From: Linus Torvalds (torvalds@klaava.Helsinki.FI)
Date: 08/03/93


From: torvalds@klaava.Helsinki.FI (Linus Torvalds)
Subject: Re: minix fs with 30 chars filenames
Date: 3 Aug 1993 20:42:22 +0300

I already replied to Laszlo by email, but as he may not be the only one
who doesn't know about this, it might be a good idea to post publically.

In article <23m5r9$a6o@ionews.io.org> las@io.org (Laszlo Herczeg) writes:
> Do I just change the minix_fs.h to get the 30 character filenames
>in the Minix file system?
>
> I heard that the Minix fs code supports both 14 and 30 character
>filenames, so maybe I just have to change the define from 14 to 30 chars?
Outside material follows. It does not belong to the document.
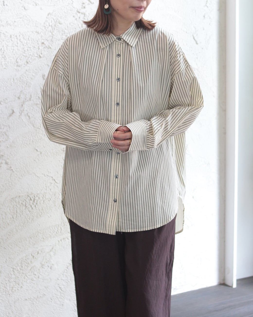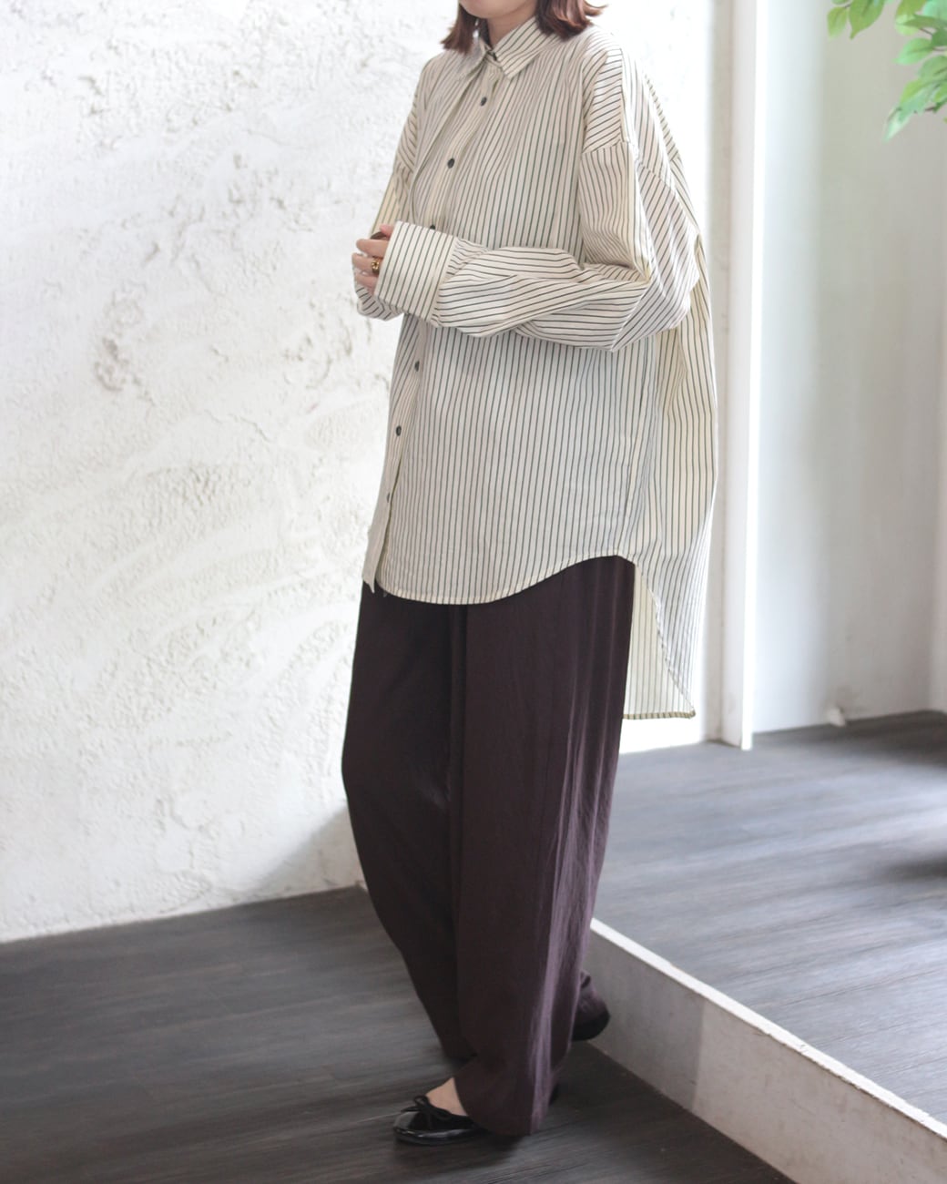 ストライプシャツ チュニックシャツ 後ろタック 体型カバー 羽織りシャツ ブロード素材 製品洗い 大人カジュアル 春秋コーデ きれいめカジュアル

The minix fs code does indeed support both 14-char (original minix) and
30-char filenames: it doesn't even need recompilation, but does the
check automatically at mount-time on a fs-by-fs basis. In fact, the
actual filesystem routines are written generally enough so that they can
handle other lengths as well (of the length '(2^n-2)' - 14,30,62,126 and
254), but the place where the current mount-routines only know of two
different magic numbers which correspond with either the 14- or 30-char
filesystems.

However, to get a 30-char minix filesystem you do need to re-mkfs it
with the "-n30" parameter - this assumes that you can find a mkfs binary
that supports it (all the never versions should, assuming that my
changes got to the people keeping these things up). As mkfs will
destroy any data on that partition, moving from 14 to 30 char names
usually involves a full backup, and is not any easier than changing
filesystems altogether (and ext2 and xiafs naturally allow even longer
filenames along with bigger partitions).